Integrating Generative AI in Cybersecurity Education: Case Study Insights on Pedagogical Strategies, Critical Thinking, and Responsible AI Use
Mahmoud Elkhodr, Ergun Gide
TL;DR
This paper addresses the challenge of integrating Generative AI (GenAI) into cybersecurity management education to enhance critical thinking and regulatory awareness. It proposes a two-stage framework that embeds GenAI in tutorials and assessments, demonstrated through three case studies: SecSDLC-based planning, AI-assisted email policy development, and layered security design for financial institutions. Findings show that GenAI-augmented learning improves policy evaluation, risk refinement, and real-world problem solving, while revealing concerns about over-reliance and AI-literacy variation, underscoring the need for human oversight and structured guidance. The study offers a replicable, scalable approach that balances AI-generated insights with expert judgement, with implications for adaptive assessments and long-term competency in cybersecurity education.
Abstract
The rapid advancement of Generative Artificial Intelligence (GenAI) has introduced new opportunities for transforming higher education, particularly in fields that require analytical reasoning and regulatory compliance, such as cybersecurity management. This study presents a structured framework for integrating GenAI tools into cybersecurity education, demonstrating their role in fostering critical thinking, real-world problem-solving, and regulatory awareness. The implementation strategy followed a two-stage approach, embedding GenAI within tutorial exercises and assessment tasks.

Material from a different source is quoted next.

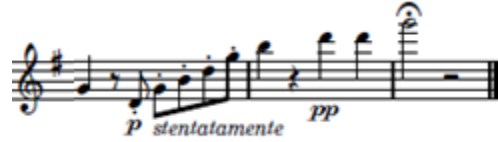
شكل (٩) يوضح انتهاء العمل

وفي م ٥٦ بدأ بالتمهيد للانتهاء من العمل بعمل أربيج صاعد علي مسافة اكتافين بداية من نغمة ري بصوت خافت P وبصعوبة stentatamente وبأداء متقطع Staccato انتهاءً بنغمة صول ٣ بوقفة مطولة ◡ للاحساس بالقفلة التامة علي اساس سلم المقطوعة سلم صول الكبير في منطقة الجوابات .

Tutorials enabled students to generate, critique, and refine AI-assisted cybersecurity policies, while assessments required them to apply AI-generated outputs to real-world scenarios, ensuring alignment with industry standards and regulatory requirements. Findings indicate that AI-assisted learning significantly enhanced students' ability to evaluate security policies, refine risk assessments, and bridge theoretical knowledge with practical application. Student reflections and instructor observations revealed improvements in analytical engagement, yet challenges emerged regarding AI over-reliance, variability in AI literacy, and the contextual limitations of AI-generated content. Through structured intervention and research-driven refinement, students were able to recognize AI strengths as a generative tool while acknowledging its need for human oversight. This study further highlights the broader implications of AI adoption in cybersecurity education, emphasizing the necessity of balancing automation with expert judgment to cultivate industry-ready professionals. Future research should explore the long-term impact of AI-driven learning on cybersecurity competency, as well as the potential for adaptive AI-assisted assessments to further personalize and enhance educational outcomes.